▶ [RECORDS TO PROCESS]
----
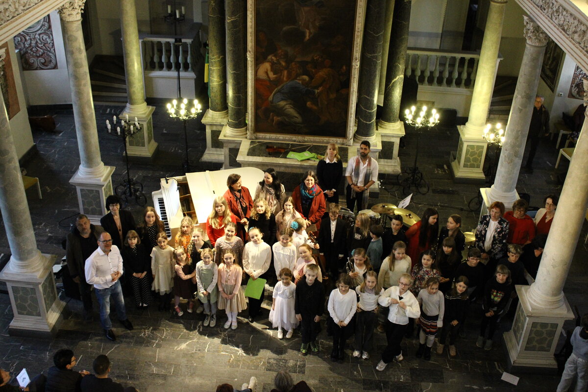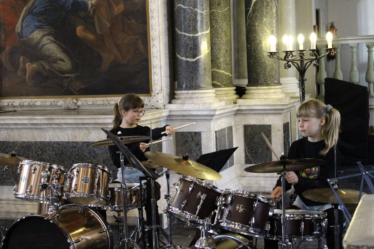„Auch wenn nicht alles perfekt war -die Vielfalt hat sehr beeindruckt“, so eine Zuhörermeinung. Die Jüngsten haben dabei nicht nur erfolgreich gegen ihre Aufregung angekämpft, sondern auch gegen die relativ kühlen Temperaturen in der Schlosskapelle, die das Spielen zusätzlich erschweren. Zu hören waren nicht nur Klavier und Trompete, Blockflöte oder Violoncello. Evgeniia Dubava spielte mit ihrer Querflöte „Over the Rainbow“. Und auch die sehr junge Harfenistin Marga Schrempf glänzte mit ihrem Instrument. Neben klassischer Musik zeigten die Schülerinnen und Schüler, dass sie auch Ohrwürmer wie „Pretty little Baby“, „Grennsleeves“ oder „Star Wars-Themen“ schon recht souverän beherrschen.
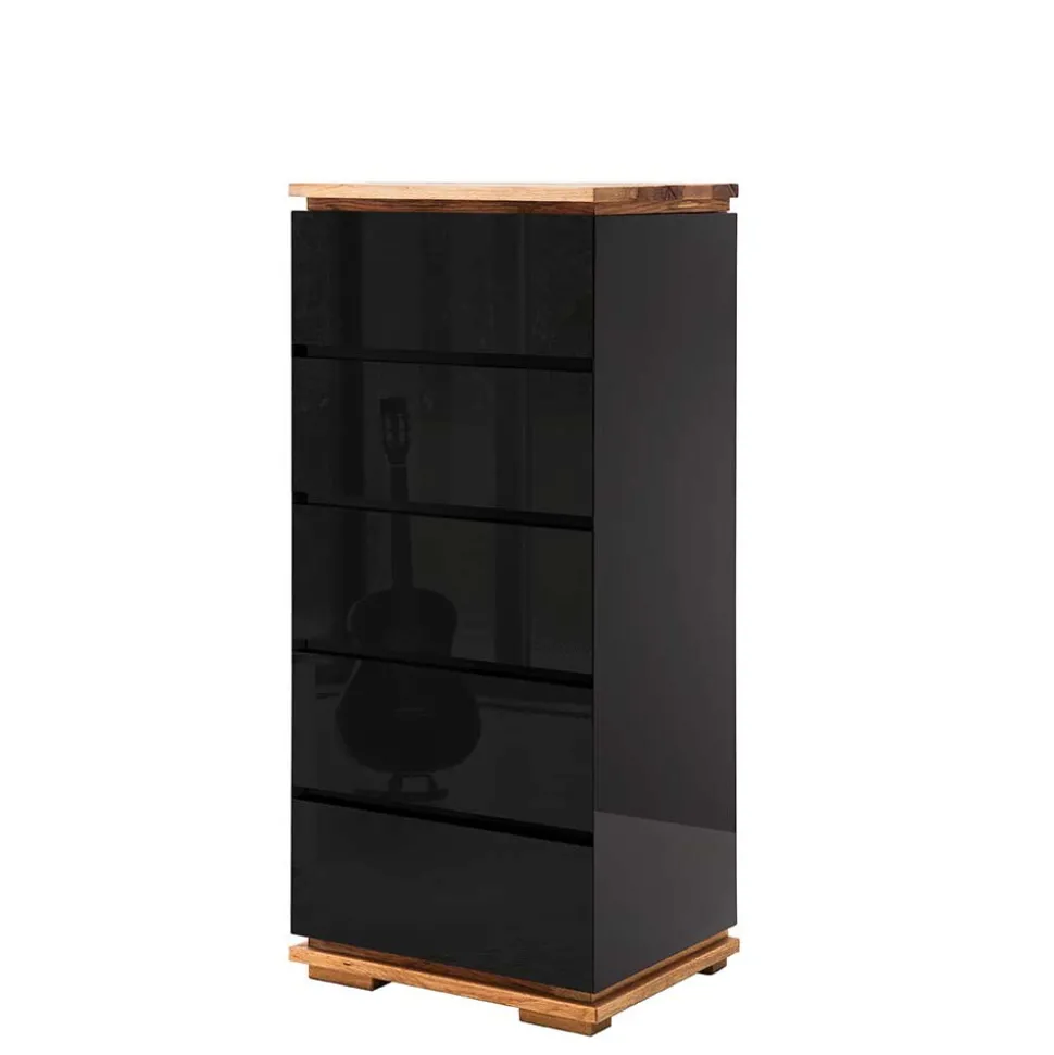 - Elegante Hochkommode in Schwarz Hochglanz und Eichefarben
----
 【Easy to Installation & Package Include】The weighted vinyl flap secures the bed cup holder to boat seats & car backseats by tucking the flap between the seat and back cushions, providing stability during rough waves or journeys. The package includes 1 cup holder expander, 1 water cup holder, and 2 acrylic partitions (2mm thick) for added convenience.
----
▶ [ABOUT THIS EXERCISE]
With pictures omitted, repeat the entries above word for word from the line holding "recht souverän beherrschen." down to the line holding "- Elegante Hochkommode", keeping both of those lines.

▶ [THE ANSWER]
„Auch wenn nicht alles perfekt war -die Vielfalt hat sehr beeindruckt“, so eine Zuhörermeinung. Die Jüngsten haben dabei nicht nur erfolgreich gegen ihre Aufregung angekämpft, sondern auch gegen die relativ kühlen Temperaturen in der Schlosskapelle, die das Spielen zusätzlich erschweren. Zu hören waren nicht nur Klavier und Trompete, Blockflöte oder Violoncello. Evgeniia Dubava spielte mit ihrer Querflöte „Over the Rainbow“. Und auch die sehr junge Harfenistin Marga Schrempf glänzte mit ihrem Instrument. Neben klassischer Musik zeigten die Schülerinnen und Schüler, dass sie auch Ohrwürmer wie „Pretty little Baby“, „Grennsleeves“ oder „Star Wars-Themen“ schon recht souverän beherrschen.
 - Elegante Hochkommode in Schwarz Hochglanz und Eichefarben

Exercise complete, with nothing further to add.